- Born: 29 June 1939 (age 87) Qazvin, Iran
- Education: Faculty of Fine Arts, University of Tehran
- Known for: Calligraphy, painting and graphic design
- Movement: Iranian calligraphic painting

= Mohammad Ehsai =

Iranian calligrapher, painter and graphic designer

Seyed Mohammad Ehsai (سیدمحمد احصایی; born 29 June 1939) is an Iranian calligrapher, painter, graphic designer and university tutor. He is regarded as one of the pioneers of modern Iranian calligraphic painting, commonly known in Persian as naqqashi-khatt, in which Persian and Arabic letterforms are treated as visual and abstract elements.

==Life and career==

Ehsai was born in Qazvin and moved with his family to Tehran at the age of six. He developed an early interest in Persian calligraphy and later studied with the calligrapher Gholam Hossein Amirkhani. Before entering university, he taught literature and calligraphy in Tehran schools and worked as a calligrapher and graphic designer for the Iranian Red Lion and Sun Society and the national textbook organisation.

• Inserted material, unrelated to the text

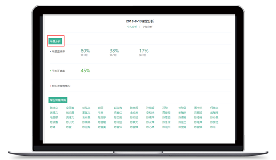 教師可按班級(jí)和日期查看課堂、預(yù)習(xí)、作業(yè)、輔導(dǎo)的統(tǒng)計(jì)分析數(shù)據(jù),還可查看每個(gè)學(xué)生的答題情況。

He studied painting and graphic design at the Faculty of Fine Arts of the University of Tehran. He later joined its academic staff and introduced courses examining the graphic and visual qualities of calligraphy. He also taught at other Iranian art institutions.

==Work==

Ehsai's work combines the discipline of traditional Persian and Islamic calligraphy with the compositional principles of modern painting and graphic design. His paintings often enlarge, repeat or interlace letters until their linguistic meaning becomes secondary to rhythm, colour and form.

His non-traditional works have commonly been divided into two principal groups: his calligraphic paintings and the series known as the Eternal Alphabet. In these works, individual words and letters are transformed into monumental abstract structures, frequently painted in bright colours against dark backgrounds.

Ehsai has also produced traditional calligraphy in scripts including Nastaʿlīq, shekasteh nastaʿlīq, thuluth and muhaqqaq. His major calligraphic projects include manuscripts of the Divan of Hafez and the Quran.

His work is represented in the collection of the British Museum and in several Iranian public collections.